Untuk merealisasikan impiannya, Aartje berencana akan membuat Posko Aspirasi Rakyat Bekasi. Warga Bekasi bisa menyampaikan segala aspirasi, unek-unek, keluhannya ke posko tersebut. Termasuk mengadukan apabila melihat adanya dugaan korupsi di pemerintahan daerah.
‘’Seminggu sekali, saya akan standby di posko tersebut. Namun substansinya, seluruh aspirasi masyarakat, akan disalurkan. Diperjuangkan solusinya. Insya Allah, posko tersebut akan saya dirikan juga di Depok,’’ tuturnya.
Bicara soal minimnya kualitas sarana serta prasarana transportasi di kawasan Bekasi, Aartje mencurigai adanya kongkalikong yang melibatkan aparat terkait. Dalam safari politiknya ke beberapa wilayah Bekasi yang cukup terpencil, dirinya mengaku trenyuh. Karena banyak jalan-jalan yan rusak parah.
‘’Ironisnya, kerusakan itu, tidak pernah ada solusinya. Karena mental-mental korup. Misalnya, agar menang tender, kontraktor harus sediakan jatah fee sekian persen. Agar duitnya cair, harus sediakan fee sekian. Akhirnya, kontraktor mainkan spek. Wajarlah kalau jalanan jadi langgaran rusak. Nah, sampai kapan kasus seperti ini dibiarkan,’’ tegasnya.
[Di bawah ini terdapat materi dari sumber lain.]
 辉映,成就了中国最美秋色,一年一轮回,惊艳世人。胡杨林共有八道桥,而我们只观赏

Saat ditanya soal peluang, Aartje mengaku sangat optimis karena warga Bekasi dan Depok memiliki kesadaran politik yang cukup tinggi. Apalagi sistem suara terbanyak, membuatnya semakin yakin. Apalagi, caleg Golkar Nomor I Dapil Jabar 6, Zulkarnaen Djabar sempat tersangkut kasus gratifikasi Menag Maftuh Basyuni. Kasus ini, sudah ditangan KPK dan BK DPR sudah memanggil Zulkarnaen Djabar untuk dimintai keterangannya.
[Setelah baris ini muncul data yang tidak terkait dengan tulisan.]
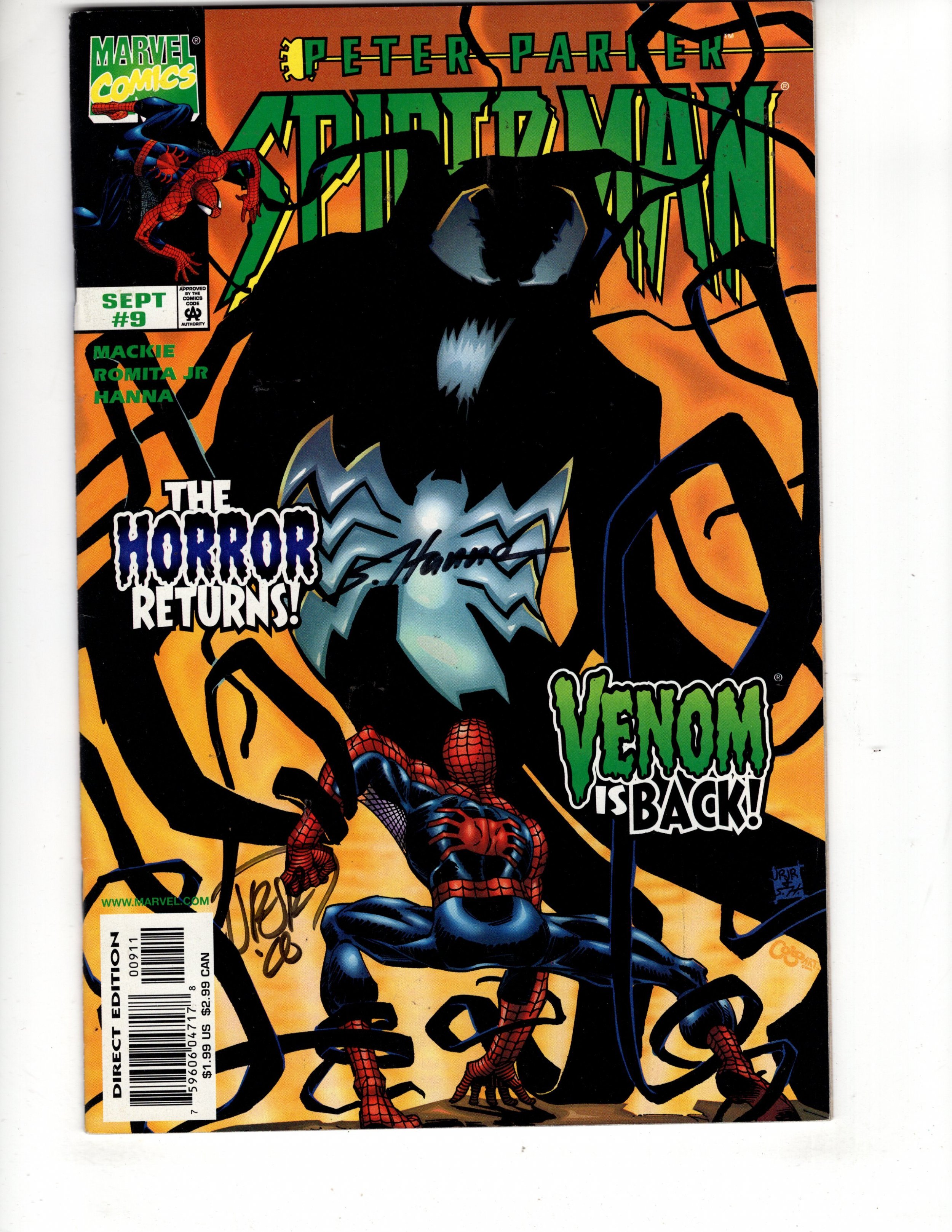 PETER PARKER SPIDER=MAN #9 Signed By Artist VENOM Appearance ID#043

Insya Allah, saya mohon doa restu masyarakat Bekasi dan Depok. Tanpa itu, mustahil,’’ tegasnya.
Selain itu, Aartje memaparkan adanya politisasi birokrasi di Bekasi yang menyeret Walikota Bekasi, Mochtar Mohammad. Berdasarkan temuan di lapangan, Walikota Bekasi yang rangkap jabatan sebagai Ketua DPC PDIP Bekasi, memberikan instruksi kepada seluruh kepala dinas, camat dan lurah agar menyosialisasikan dukungan untuk caleg dari partainya.
“Kami sudah laporkan ke panwas. Ini kan pendidikan politik yang salah. Masuk kategori kejahatan demokrasi. Tapi saya yakin, warga Bekasi sudah cerdas dan kritis kok. Insya Allah, tidak mudah dibujuk dengan janji apalagi diintervensi,’’ paparnya.
Pengalaman ketika keliling kampung, Aartje mengaku seringkali miris dengan kondisi kehidupan warga Bekasi yang mayoritas kurang mampu. Termasuk nasib pedagang kaki lima (PKL) yang seringkali menjadi korban penindasan aparat Pemkot Bekasi.
“PKL memang salah karena berjualan tidak pada tempatnya, tapi pemkot seharusnya menyediakan lokasi untuk mereka berusaha,” ujarnya.
Padahal, lanjut anak buah JK itu, relokasi PKL akan memberikan dampak positif. Misalnya, pendapatan asli daerah (PAD) akan meningkat, selain mengurangi terjadinya pungli yang sudah mendarah daging di daerah Bekasi.
“Kalau ada PKL, pasti pungli jalan. Kalau PKL mau ditertibkan, punglinya juga dong diberantas. Termasuk pungli di tender proyek infrastruktur,’’ tegasnya.